I ran a few numbers on equivalent prices in Bandcamp to see how that would work. With Bandcamp they take a cut and there's the paypal fee as well. The cheapest paypal rate is a straight 5%. Bandcamp's fee is 15% which falls to 10% if you're selling quite a bit (basically enough that you'd be making this fictitious minimum wage figure).
Let's begin with selling the digital version at $9.99 which the other digital and CD rates are set at on the infographic. Bandcamp wins! At Bandcamp's top rate of a 15% cut plus paypal's 5% you'd need to selling 145 copies. That drops to just 136 copies if you're selling enough to get Bandcamp's 10% rate.

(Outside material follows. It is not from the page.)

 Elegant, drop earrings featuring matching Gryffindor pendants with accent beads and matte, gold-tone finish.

Now, in all honesty, a tenner for a digital album just really isn't on in my book. Let's drop the price down to $5. It comes out as only slightly more than selling a $10 CD (and no-one buys CDs). You'd need to sell either 290 or 273 copies (depending on Bandcamp's rate) at $5 to make that minimum wage figure.

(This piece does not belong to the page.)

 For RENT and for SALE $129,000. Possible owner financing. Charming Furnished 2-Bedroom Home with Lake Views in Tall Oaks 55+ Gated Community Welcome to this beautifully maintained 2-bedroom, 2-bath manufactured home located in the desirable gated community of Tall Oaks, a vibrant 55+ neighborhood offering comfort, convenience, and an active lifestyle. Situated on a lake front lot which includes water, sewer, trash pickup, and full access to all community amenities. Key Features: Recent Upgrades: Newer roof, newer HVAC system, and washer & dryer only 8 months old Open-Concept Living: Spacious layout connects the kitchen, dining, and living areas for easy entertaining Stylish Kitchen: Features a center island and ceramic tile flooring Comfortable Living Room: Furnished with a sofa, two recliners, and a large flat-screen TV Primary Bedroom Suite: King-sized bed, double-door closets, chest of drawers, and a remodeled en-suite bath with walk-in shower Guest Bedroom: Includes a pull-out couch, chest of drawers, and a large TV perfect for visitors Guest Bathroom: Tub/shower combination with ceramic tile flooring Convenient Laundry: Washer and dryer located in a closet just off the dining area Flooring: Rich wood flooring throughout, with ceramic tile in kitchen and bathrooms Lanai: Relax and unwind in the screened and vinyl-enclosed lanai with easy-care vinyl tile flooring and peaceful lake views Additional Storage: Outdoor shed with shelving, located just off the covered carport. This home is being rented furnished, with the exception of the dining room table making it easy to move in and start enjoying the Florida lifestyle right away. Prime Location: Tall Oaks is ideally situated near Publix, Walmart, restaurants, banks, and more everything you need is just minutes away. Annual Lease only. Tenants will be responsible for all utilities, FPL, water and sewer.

It's one of the main reasons I'm not a fan of itunes. I say I'm not a fan, I absolutely refuse to buy from itunes. Going with the fact loads of people I know are trying to offload boxes of CDs as they don't want them it seems there's only two options left: vinyl and bandcamp (or other independent digital distribution). Pretty much the whole argument of this blog that digital can make a big dent in the cost of doing a DIY record.